– Но, мадам... – все твердил лейтенант, уже не зная, что сказать.
   – Я должна быть с ним, Найал. Это его единственный шанс выжить.
   Найал вздохнул.
   – Скоро стемнеет. Придется скакать во весь опор, чтобы догнать его.
   – Спасибо вам. – Она поцеловала на прощание сына и пятками ударила коня.
   Не обращая внимания на развевающуюся за спиной накидку, Катье летела по северной дороге. Мерин оказался довольно резвым, но, конечно, куда ему до Ахерона! Образ шестилетнего золотоволосого рыцаря стоял у нее перед глазами, терзая душу. Любимый мой, маленький, я не могу иначе! Прости!
   Безопасность ее сына, даже останься она с ним, все равно зависит от других. А спасение Бекета в ее руках.
   Катье объехала стороной замок и город: сердце колотилось при мысли о возможной встрече с французами. Но по дороге ей никто не попался. Видно, голубые мундиры крепко увязли в схватке с людьми Клода.
   Приближаясь к ненавистному постоялому двору, где Бекета в прошлый раз поджидала засада, она увидела издали вороного, идущего плавным аллюром. Впереди над холмами нависал лес.
   – Бекет! – крикнула она. Он резко осадил Ахерона.
   – Господи Иисусе! – услышала Катье, подъезжая. Бекет вырвал у нее поводья.
   – Ну погоди, лейтенант, ты у меня попляшешь!
   Катье стало неуютно под непроницаемым взглядом его потемневших глаз.
   – Найал не виноват. Не сердись. Я должна поехать с тобой.
   Держась за повод, он стал разворачивать ее коня.
   – Погоди, что ты делаешь? Нам же надо в Серфонтен!
   – Поедем на восток, пока не нагоним Найала. После того как я его убью, он без промедления доставит тебя в Англию.
   – Нет! – Она положила ему руку на запястье.
   – Твое место рядом с сыном. Рука ее бессильно упала.
   – Я знаю. Знаю. У меня и так сердце разрывается. Но я должна... – Катье вытащила из-за корсажа розовый камешек. – Вот. Лиз дала его Петеру. Это послание Эль-Мюзира.
   Он снял перчатку. Камень еще хранил тепло ее груди, и пальцы Бекета невольно стиснули его.
   – Такими камешками мы с Лиз когда-то отмечали дорогу в пещерах. Бекет, этим камнем Эль-Мюзир сообщает тебе место вашей встречи. – Голос ее дрогнул.
   Ахерон вдруг заплясал на месте, и Бекет похлопал его по холке.
   – Что это значит?
   – Он не в замке, а в пещерах.

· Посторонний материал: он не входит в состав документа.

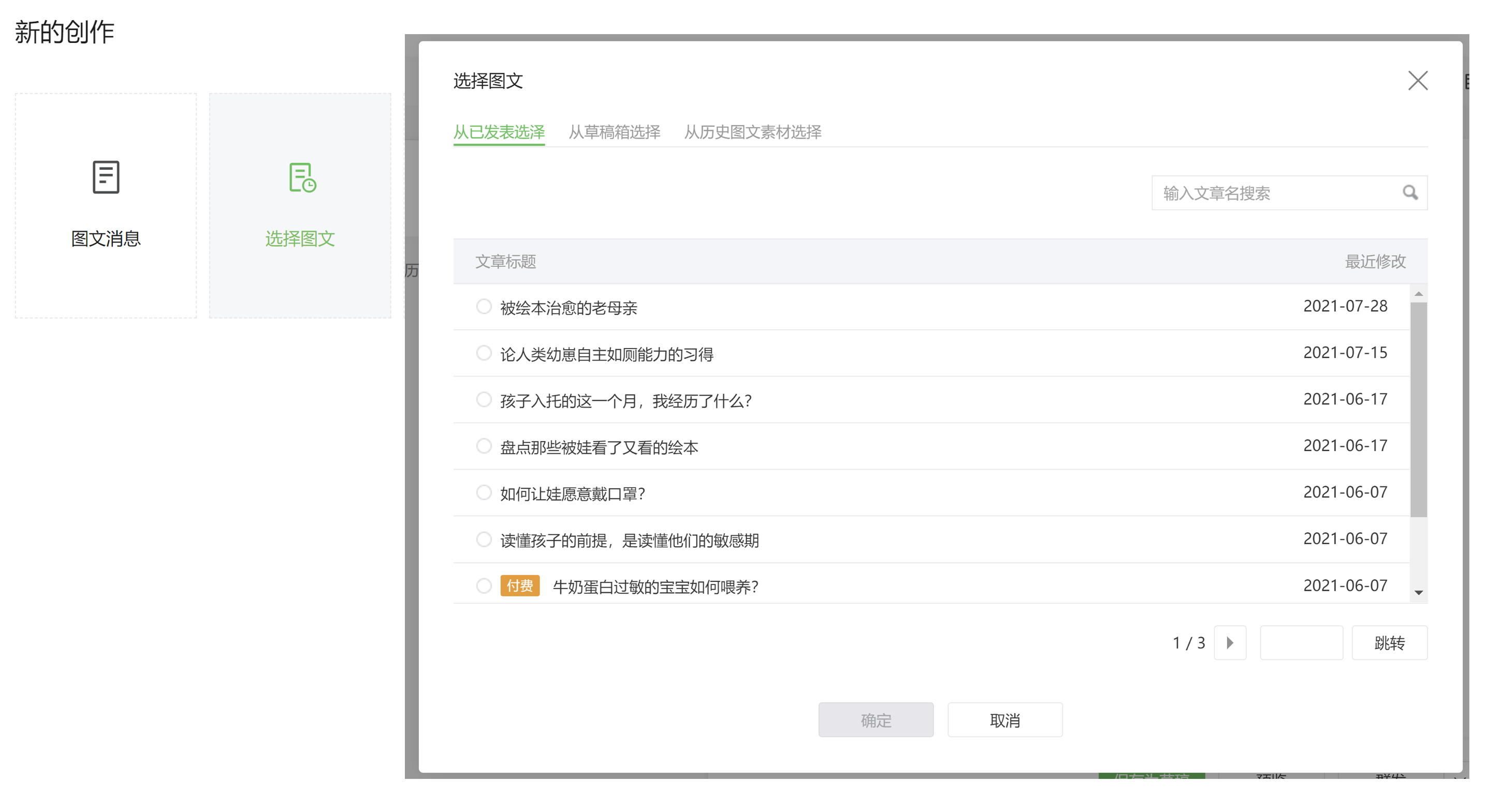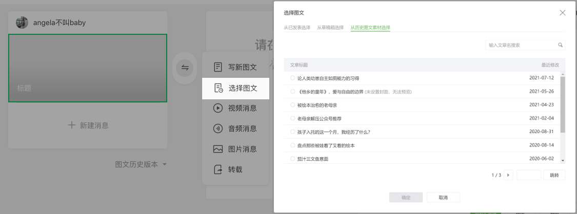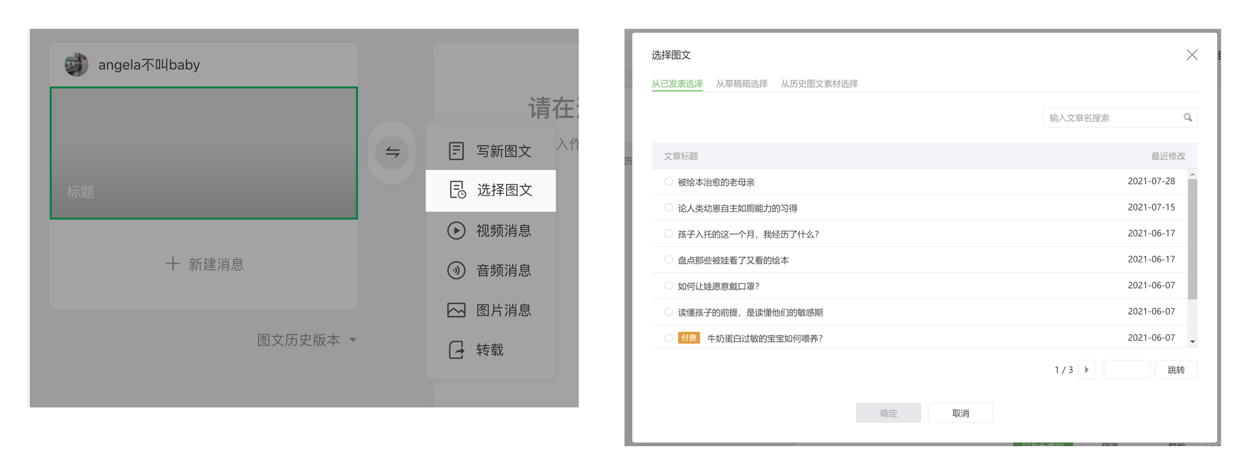 2、通过选择图文入口导入历史素材:首页和编辑器提供了选择图文功能,使用该功能可导入历史素材进行编辑和发表。
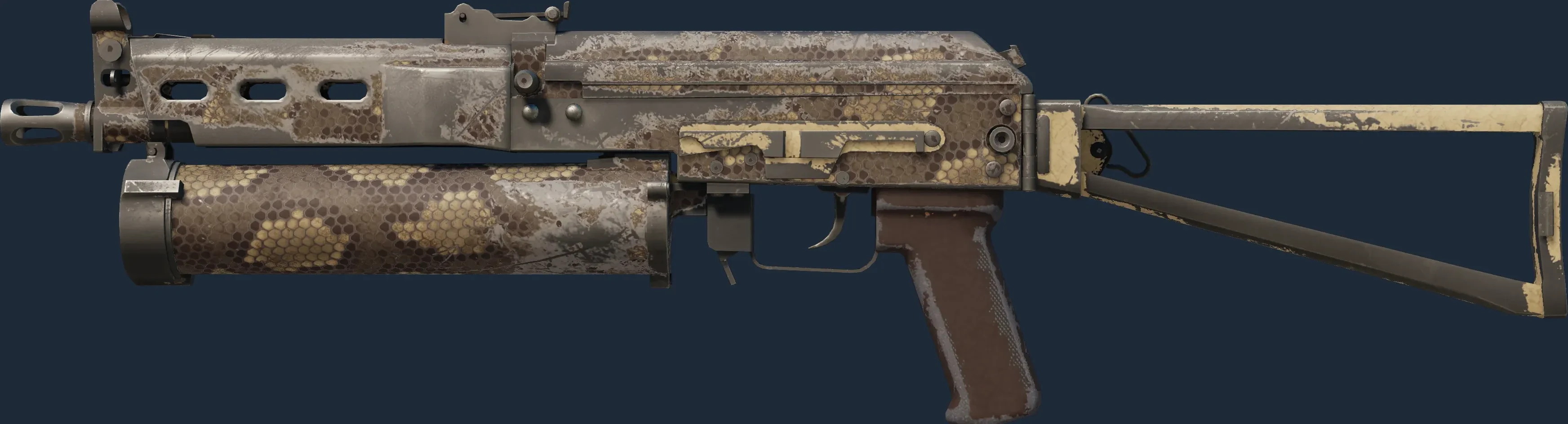 The PP-Bizon | Death Rattle is a Covert grade skin for the PP-Bizon in Counter-Strike 2. It features a Custom Paint Job finish and was designed by Valve.

Но ты никогда его там не найдешь. Он найдет тебя. Поэтому я поеду с тобой и покажу тебе дорогу.
   – Никуда ты не поедешь!
   – Бекет!
   – Черт подери, не нужна ты мне там! – Он бросил камень на землю и натянул перчатку.
   – Я поеду. – Без меня ты не найдешь Эль-Мюзира.
   – Катье, Катье, пойми, я слабею с тобой. Если я дрогну, если Эль-Мюзир...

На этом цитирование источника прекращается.